Now you can return to japan if you are a resident in the country starting from November. It will be welcome news for all those foreigners who have a resident visa to the country, but could not come back to Japan since April. Now, they can return to the country if their visa is still valid.
All this is good news for many foreigners who are struck out of Japan. However, we will advise them to confirm with the immigration authorities in Japan whether any restrictions applied to them before they can re-enter the country?
Starting in November, Japan will conditionally exempt business travelers and returnees from the 14-day quarantine policy, which was imposed on all arrivals from overseas to curb the spread of the COVID-19 pandemic, government officials announced Friday.
The change, which will come into effect Sunday, will cover both Japanese nationals returning from overseas business trips and foreign residents with valid residence permits in Japan, with no restrictions on their overseas travel destinations, the officials said following a government coronavirus task force meeting Friday.
However, the change will only apply to residents of Japan who are planning to spend no more than seven days at their overseas destinations.
Currently, people returning to Japan from business trips are required to take polymerase chain reaction (PCR) tests for the coronavirus at airports. The returnees who test negative are allowed to enter the country, but they currently need to self-isolate at their homes or accommodation facilities for two weeks.
After the relaxation, people who test negative on their PCR test will not need to self-quarantine on the condition that they will submit documentation of their planned activities and do not use public transportation for two weeks. Those who tested positive will be required to self-isolate for 14 days or be admitted to the hospital if they are suffering from severe symptoms.

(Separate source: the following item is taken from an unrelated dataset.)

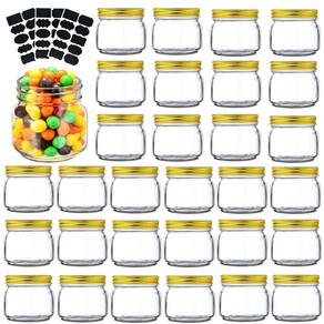 Frascos de vidro de 227 g – Conjunto de 30 recipientes de vidro feito de vidro de alta qualidade que resiste a rachaduras e quebras; 100% seguro para alimentos e sem grafite para armazenamento saudável de alimentos e beber bebidas; maior visibilidade, permitindo que você veja facilmente o conteúdo dentro; a tampa de metal rosqueada mantém as bebidas com sabor fresco; 30 etiquetas tornam esses frascos de vidro para armazenamento de alimentos com tampas um item clássico ideal. ferramenta organizacional feita; Multiuso para enlatamento, armazenamento e fins decorativos; fácil de usar e limpar, lavável na lava-louças. Pacote: Conjunto de 30 frascos de vidro Mason MATERIAL: Corpo de vidro com tampas douradas Capacidade de armazenamento: 227 g = ½ litro = ¼ litro ALTAMENTE DURÁVEL: Corpo de vidro resistente + vedações de tampa hermética para conserva fresca Seguro para louça: super fácil de limpar COR: transparente/vítreo - Qualidade premium: o pote de conservas Rainforce de 227 g é feito de vidro de alta qualidade que resiste a rachaduras e quebras. O vidro desses frascos de vidro é 100% seguro para alimentos e sem grafite para armazenamento saudável de alimentos e bebidas bebidas. Para sua conveniência, estes pequenos frascos de vidro para armazenamento de alimentos com tampas também são projetados para serem laváveis na lava-louças - Design clássico: o design cristalino e suave desses frascos de vidro garante a maior visibilidade possível, permitindo que você veja facilmente o conteúdo dentro. Cada pequeno pote envolve uma tampa de metal rosqueada com forro de plastisol que garante uma vedação hermética, que manterá as bebidas com sabor fresco e evitará que alimentos secos fiquem estragados - Armazenamento classificado: estes frascos reutilizáveis de 30 peças vêm com 30 etiquetas, o que tornará esses potes de temperos uma ferramenta organizacional classificada ideal para tudo, desde picles caseiros e geleias a especiarias e ervas a cosméticos ou velas caseiras. Perfeito para entusiastas de conservas e conservas - ampla variedade de uso: os frascos multifuncionais de 1/2 litro são úteis para enlatamento, armazenamento e fins decorativos. Da sua despensa ao mundo da culinária experimental, esses pequenos frascos de vidro são perfeitos para o ambiente criativo e incomum, e também são a tela perfeita para enfeitar com decorações de artes e artesanato, lembrancinhas de casamento e festas e outros projetos de bricolage - FÁCIL DE USAR/LIMPAR: os frascos regulares de geleia de boca têm uma abertura de 6,3 cm de diâmetro para enchimento conveniente de frutas, vegetais, ervas e especiarias. A ampla abertura também permite fácil acessibilidade ao fundo do frasco para uma limpeza fácil e completa, não importa se a máquina de lavar louça ou a mão com uma esponja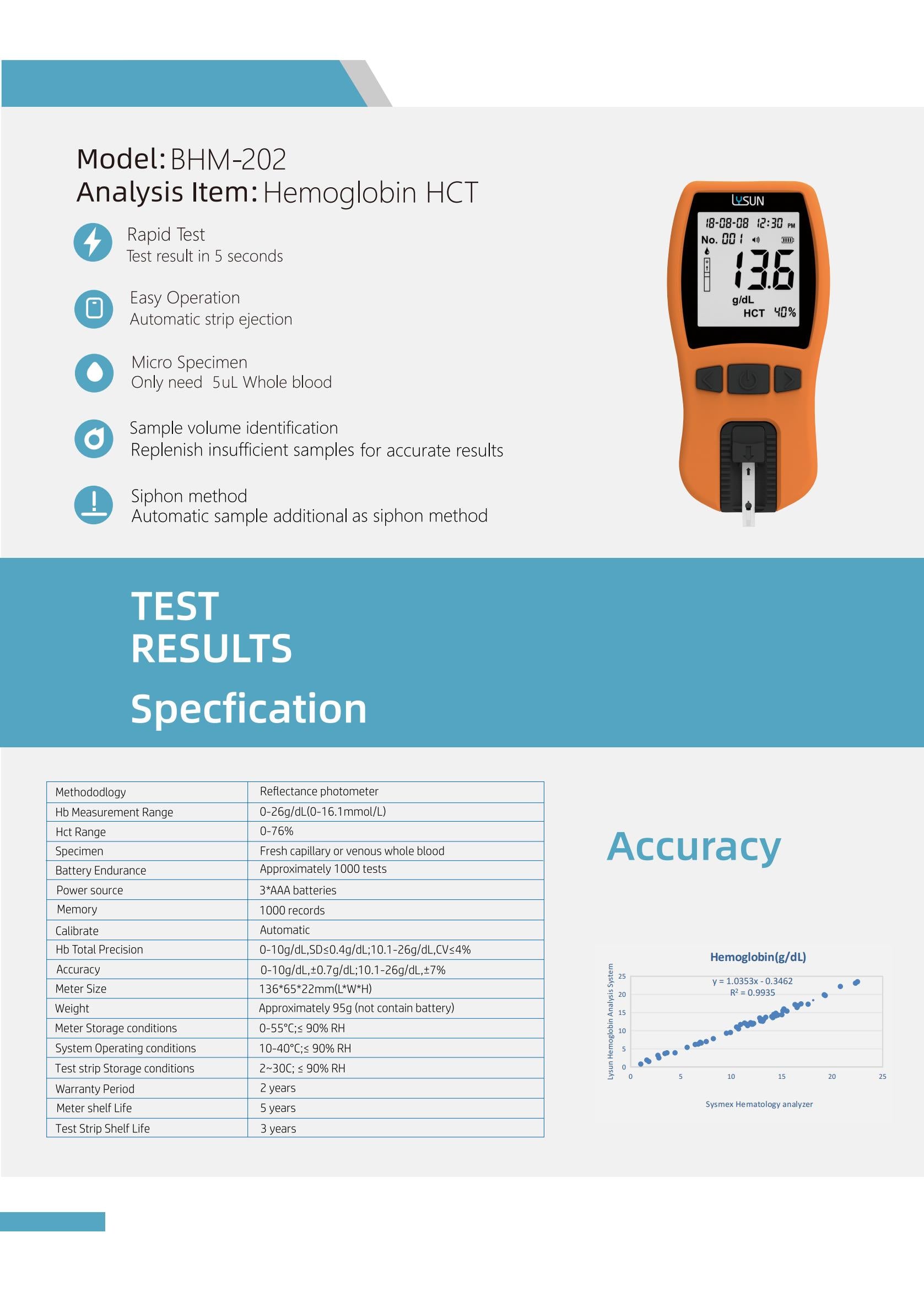 Lysun POCT Siphon Method Hemoglobin Analyser Fast Blood Testing Hemoglobin Meter BHM-202(No Batteries)

Travelers under this regulation will also be required to provide written assurance from their employers or other sponsors that they will take responsibility for the returnees’ actions during their business trips and upon arrival.
Prime Minister Yoshihide Suga on Friday said during the government’s task force meeting that the revision is aimed at expanding business activities but further restrictions of movement will be required to prevent viral transmission.
Under the revised policy, Japan will also relax entry restrictions for travelers from Australia, Brunei, China, Hong Kong, Macau, New Zealand, South Korea, Singapore, Taiwan, Thailand, and New Zealand, where the pandemic is considered to be kept relatively under control.
Starting Sunday, such travelers will be exempted from testing upon arrival as long as they observe a 14-day quarantine and don’t use public transport during that period. Travelers from those countries will also be exempted from pre-entry COVID-19 tests under certain conditions, depending on the length of their stay outside Japan, while short-term travelers will be allowed to undergo PCR tests upon arrival if they request to have the quarantine rule lifted.
Following the revision, Japan will also lift the rule requiring the submission of a negative test result for travelers who will spend less than 14 days at their destination from any of the 11 regions.
The decision comes following the Foreign Ministry’s announcement earlier in the day in which travel advisories issued for the 11 territories were lowered to Level 2 on its scale of four, as the regions’ pace of new coronavirus infections is slowing down. This means that nonessential travel to those places should be avoided.
Meanwhile, Japan will also impose stricter restrictions for Jordan and Myanmar following the government’s decision to raise its travel alert to Level 3 in light of an expansion in coronavirus cases, warning against all travel.
The pre-arrival PCR test requirement will remain in place for Jordan, Myanmar, and other countries covered by the entry restrictions. Following the change, the travel restrictions will cover 152 countries and regions.
Depending on their travel history, even residents of Japan may be denied entry if they don’t submit the required documents when seeking entry permission.